Wabah Superbug Candida Auris Melanda AS

Sejumlah pasien yang mengalami infeksi Candida auris mengalami resistensi obat.

AP
Foto tahun 2016 yang disediakan oleh Pusat Pengendalian dan Pencegahan Penyakit (CDC) AS menunjukkan galur Candida auris yang dikultur dalam cawan petri di laboratorium. Pada Kamis (22/7), CDC mengatakan ada bukti penyebaran jamur yang tidak dapat diobati di panti jompo Washington DC dan di dua rumah sakit di daerah Dallas.
Rep: Puti Almas, Haura Hafizhah Red: Reiny Dwinanda

REPUBLIKA.CO.ID, JAKARTA -- Wabah superbug dilaporkan terjadi di Ibu Kota Washington dan sejumlah wilayah lainnya di Amerika Serikat (AS) dalam beberapa waktu terakhir. Pusat Pengendalian dan Pencegahan Penyakit (CDC) mengatakan bahwa sejumlah pasien mengalami infeksi jamur invasif yang kebal terhadap obat dari tiga kelas utama.

"Ini benar-benar pertama kalinya kami mulai melihat pengelompokan resistensi, di mana pasien tampaknya mendapatkan infeksi dari satu sama lain," ujar Meghan Lyman dari CDC, dilansir NBC News, Jumat (23/7).

Jamur yang dikenal sebagai Candida auris menjadi penyebab dari wabah. Ini disebut sebagai bentuk ragi berbahaya bagi orang-orang yang dirawat di rumah sakit dengan kondisi medis serius.

Kondisi semakin berbahaya saat jamur memasuki aliran darah, jantung, maupun otak.

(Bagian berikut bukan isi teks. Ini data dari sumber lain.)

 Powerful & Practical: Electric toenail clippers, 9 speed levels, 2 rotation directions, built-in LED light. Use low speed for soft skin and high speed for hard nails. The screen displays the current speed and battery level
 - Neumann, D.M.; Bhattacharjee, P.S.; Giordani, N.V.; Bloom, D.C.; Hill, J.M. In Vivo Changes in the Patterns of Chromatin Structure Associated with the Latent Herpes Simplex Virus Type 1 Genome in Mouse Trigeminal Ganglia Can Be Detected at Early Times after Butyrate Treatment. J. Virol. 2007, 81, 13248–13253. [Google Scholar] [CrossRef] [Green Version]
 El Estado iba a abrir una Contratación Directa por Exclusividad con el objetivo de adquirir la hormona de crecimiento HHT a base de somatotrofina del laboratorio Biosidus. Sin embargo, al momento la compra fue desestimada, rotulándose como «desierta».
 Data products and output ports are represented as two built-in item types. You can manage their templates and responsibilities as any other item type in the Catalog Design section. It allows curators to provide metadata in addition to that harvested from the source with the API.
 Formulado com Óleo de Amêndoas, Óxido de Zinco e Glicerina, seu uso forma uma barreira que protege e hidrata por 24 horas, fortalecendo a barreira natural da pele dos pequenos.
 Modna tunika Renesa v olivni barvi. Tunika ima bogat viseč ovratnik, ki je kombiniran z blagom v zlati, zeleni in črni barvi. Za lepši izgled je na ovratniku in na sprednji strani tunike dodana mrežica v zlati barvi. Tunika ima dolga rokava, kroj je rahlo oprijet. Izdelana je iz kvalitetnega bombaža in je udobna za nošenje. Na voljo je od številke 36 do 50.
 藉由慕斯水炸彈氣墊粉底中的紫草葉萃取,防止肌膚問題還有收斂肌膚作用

Wabah di fasilitas perawatan kesehatan telah dipicu ketika jamur menyebar melalui kontak pasien atau pada permukaan yang terkontaminasi.

Baca Juga


Di Washington DC, 101 kasus superbug tersebut ditemukan di panti jompo khusus untuk pasien yang kritis, termasuk tiga kasus yang resisten terhadap ketiga jenis obat antijamur. Lalu, 22 kasus lain terdeteksi di dua rumah sakit di daerah Dallas, dengan dua di antaranya mengalami resistensi obat.

Lyman mengungkapkan, kasus-kasus itu terlihat dari Januari hingga April. Dari lima orang yang sepenuhnya resisten terhadap pengobatan, tiga meninggal di Texas dan satu di Washington.

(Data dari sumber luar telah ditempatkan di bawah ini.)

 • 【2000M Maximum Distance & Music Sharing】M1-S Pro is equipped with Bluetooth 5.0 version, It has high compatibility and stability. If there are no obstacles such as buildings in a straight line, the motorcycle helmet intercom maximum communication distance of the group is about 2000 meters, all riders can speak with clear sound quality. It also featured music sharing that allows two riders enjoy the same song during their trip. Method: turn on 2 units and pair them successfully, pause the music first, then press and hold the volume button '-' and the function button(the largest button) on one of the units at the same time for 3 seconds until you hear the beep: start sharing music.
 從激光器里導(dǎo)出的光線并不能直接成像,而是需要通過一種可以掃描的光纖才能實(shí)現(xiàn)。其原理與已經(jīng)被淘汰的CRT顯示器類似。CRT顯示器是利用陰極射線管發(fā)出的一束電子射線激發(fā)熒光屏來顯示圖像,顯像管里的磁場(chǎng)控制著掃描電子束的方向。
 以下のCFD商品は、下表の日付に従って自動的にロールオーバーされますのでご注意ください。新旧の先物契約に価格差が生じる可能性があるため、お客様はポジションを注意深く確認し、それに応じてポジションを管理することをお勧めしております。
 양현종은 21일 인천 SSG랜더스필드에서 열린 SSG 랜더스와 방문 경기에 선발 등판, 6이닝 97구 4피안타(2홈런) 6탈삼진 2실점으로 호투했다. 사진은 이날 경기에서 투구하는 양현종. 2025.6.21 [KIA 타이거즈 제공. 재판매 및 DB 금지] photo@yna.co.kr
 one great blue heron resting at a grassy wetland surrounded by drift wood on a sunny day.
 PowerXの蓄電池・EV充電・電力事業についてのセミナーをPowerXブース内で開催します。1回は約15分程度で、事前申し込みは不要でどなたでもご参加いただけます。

Pejabat kesehatan AS telah membunyikan alarm selama bertahun-tahun tentang superbug setelah melihat infeksi di mana obat-obatan yang biasa digunakan memiliki efek kecil. Pada 2019, dokter mendiagnosis tiga kasus wabah ini di New York, yang juga resisten terhadap kelas obat yang disebut echinocandins, yang dianggap sebagai garis pertahanan terakhir.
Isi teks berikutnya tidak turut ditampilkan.